基于服装吊挂系统协同的车间混合流水线布局优化

doi:10.13475/j.fzxb.20221204501

纺织学报 ›› 2024, Vol. 45 ›› Issue (03): 169-176.doi: 10.13475/j.fzxb.20221204501

基于服装吊挂系统协同的车间混合流水线布局优化

童锡宇¹, 郑路², 杨金昌², 胡觉亮³, 韩曙光³()

1.浙江理工大学经济管理学院, 浙江杭州 310018
2.达利(中国)有限公司, 浙江杭州 311200
3.浙江理工大学理学院, 浙江杭州 310018

收稿日期:2023-01-19 修回日期:2023-10-10 出版日期:2024-03-15 发布日期:2024-04-15
通讯作者: 韩曙光
作者简介:童锡宇(1997—),男,硕士。主要研究方向为物流系统建模与优化。
基金资助:
国家自然科学基金项目(12071436)

Optimization of mixed production line layout for collaborative clothing suspension system

TONG Xiyu¹, ZHENG Lu², YANG Jinchang², HU Jueliang³, HAN Shuguang³()

1. School of Economics and Management, Zhejiang Sci-Tech University, Hangzhou, Zhejiang 310018, China
2. High Fashion (China) Co., Ltd., Hangzhou, Zhejiang 311200, China
3. School of Science, Zhejiang Sci-Tech University, Hangzhou, Zhejiang 310018, China

Received:2023-01-19 Revised:2023-10-10 Published:2024-03-15 Online:2024-04-15
Contact: HAN Shuguang

摘要/Abstract

摘要：

为适应服装生产企业转型,针对服装制造车间混合流水线生产存在吊挂系统的物料传输路径耗时耗能、各工作台作业负荷时间不均、加工周期长及加工设备资源浪费等问题,根据服装生产工艺流程、工作台资源和加工设备数量受限、理性生产节拍等约束条件,建立物料传输总距离极小化及平滑系数极小化的双目标数学规划模型;设计非支配遗传(NSGA-Ⅱ)算法,对多款式服装生产具体实例进行编程仿真求解,并与多目标粒子群(MOPSO)算法进行优化对比。研究结果表明:NSGA-Ⅱ算法拥有更好的寻优能力,实验得到最优总距离为82 m、最优平滑系数为21.977、最优编制效率为90.2%、最少只需要打开10个工作台和使用18台加工设备,企业可根据不同目标的需要择优选出相应的布局编排方案。
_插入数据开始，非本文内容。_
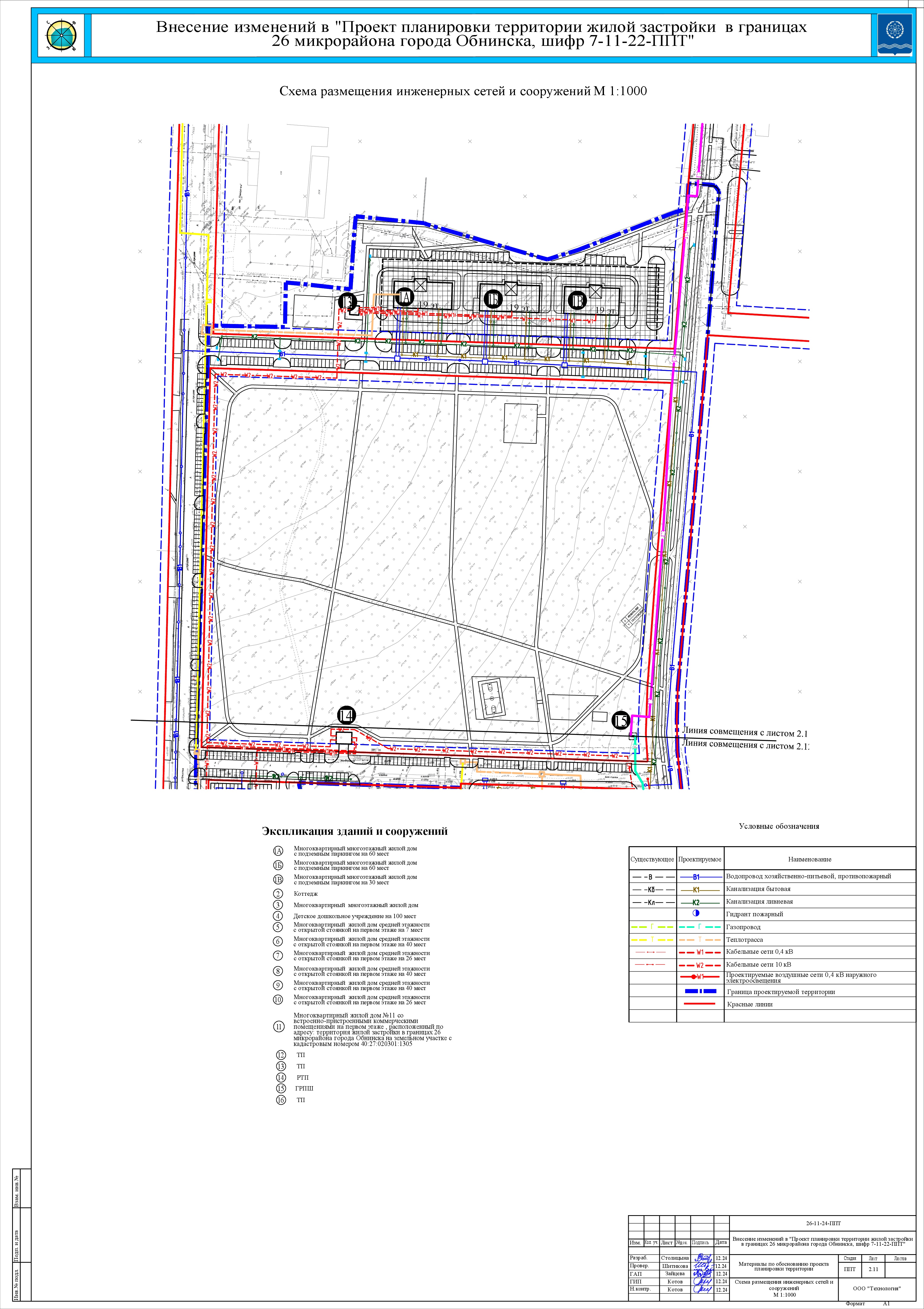 Схема размещения инженерных сетей и сооружений, лист 1 (скачать)

关键词: 双目标布局优化, 服装吊挂, 服装车间, 混合流水线, NSGA-Ⅱ算法, 节能增效

Abstract:

Objective In order to adapt to the transformation and upgrading of clothing manufacturing enterprises, and quickly respond to market demand, most clothing manufacturing enterprises had introduced many intelligent production equipment such as clothing suspension systems to replace conventional backward bundled assembly line production. In order to apply new production equipment in the actual production, some problems were identified for the mixed assembly line in the clothing manufacturing workshop such as unreasonable suspension system material transmission path, time consumption and energy consumption, uneven workload time of each workbench, long processing cycle, and waste of processing equipment resources. The optimization of workshop assembly line layout considering the collaboration of clothing suspension systems was carried out aiming to effectively solve the above-mentioned problems of clothing production lines.
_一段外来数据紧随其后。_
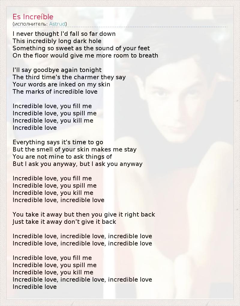Невероятная любовь, невероятная любовь, невероятная любовь.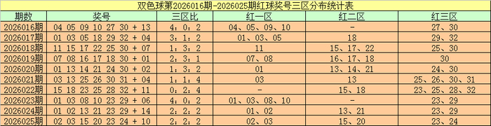 双色球第2026025期奖号为:02 03 15 20 23 24 + 10,红球三区比为2:2:2。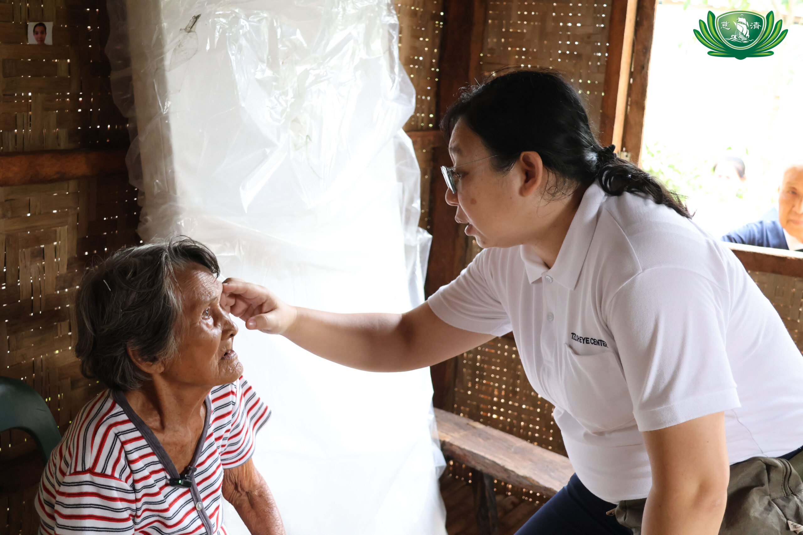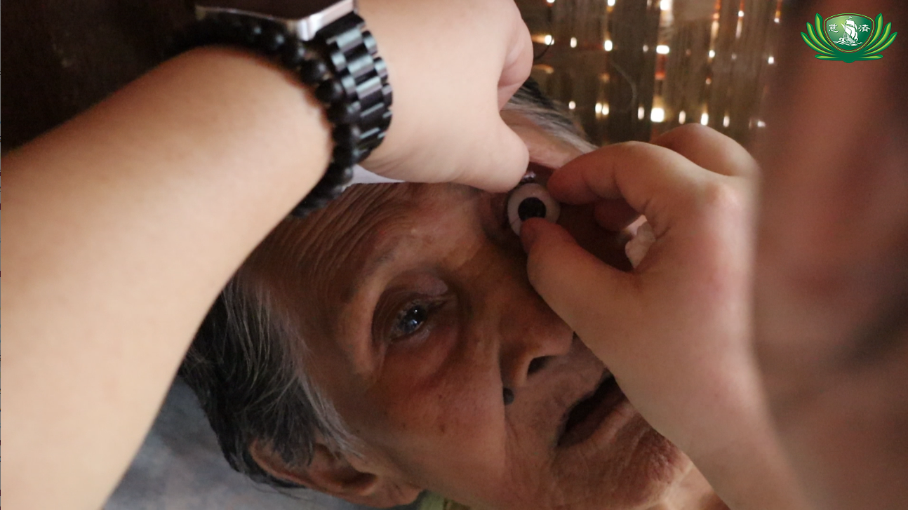 Regina Amotan (89), wife of Crisologo, had long been living with the loss of her left eye due to an infection. Moved by her situation, Dr. Adriene Lim from the Tzu Chi Eye Center in Manila made a commitment to return.

Method Because of the involvement of multiple disciplines such as clothing, logistics, and operations research, as well as the complexity of the production process, it was necessary to conduct on-site investigations, observe the production line process of clothing production, analyze the production process diagram of clothing production enterprises and the raw data in MES systems. Based on the constraints of the clothing production process, limited workbench resources and processing equipment quantity, and rational production rhythm, a dual objective mathematical programming model was established to minimize material transmission distance and smoothness coefficient. The non-dominant sorting genetic(NSGA-II) algorithm was designed and applied to solve the production lines of multi-style clothing.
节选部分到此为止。